What happened at the White House was not simply an attack on Obama. It was a reminder of how racism, misogyny and anti-trans rhetoric often work together — and how the harm of that rhetoric extends far beyond transgender people.

The attack only works if people believe being perceived as transgender is something shameful — reducing the lives of transgender people to a harmful punchline.

The joke relies on the assumption that being mistaken for a trans woman is inherently humiliating. That assumption is not incidental to the attack. It is the attack.

This kind of thinking is part of a growing phenomenon often referred to as “transvestigation,” or the conspiracy theory that public figures, particularly women, are secretly transgender. These accusations are rooted in the same logic that fuels anti-trans panic: the belief that strangers have the authority to inspect, evaluate and determine who is “really” a woman.

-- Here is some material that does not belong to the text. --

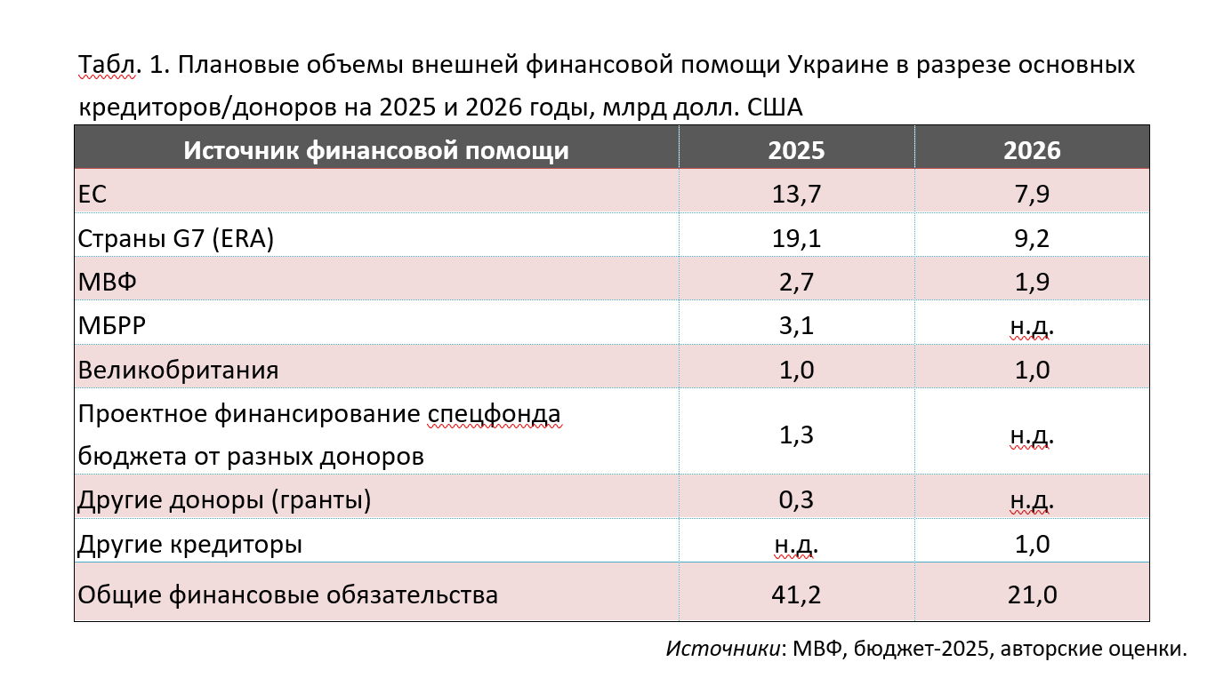 В 2025 году правительство и МВФ ожидают поступления 13,7 млрд долл. от ЕС (из Ukraine Facility), 19,1 млрд долл. по плану ERA от G7 и ЕС (под поток доходов от замороженных российских активов), 3,1 млрд долл. от МБРР, 2,7 млрд долл. от МВФ, 1 млрд долл. от Великобритании и других. Вместе взносы внешних доноров должны обеспечить пополнение бюджета Украины на 41 млрд долл. США.

The National Black Justice Collective has noted that women of color are disproportionately accused of being transgender or intersex because of racist assumptions about their bodies and rigid demands for gender conformity.

Across the country, women have reported being harassed in public restrooms because someone decided they looked too masculine. Female athletes have had their bodies scrutinized and their identities questioned. Women whose appearance falls outside narrow, Eurocentric beauty standards are routinely subjected to invasive speculation about their bodies and identities.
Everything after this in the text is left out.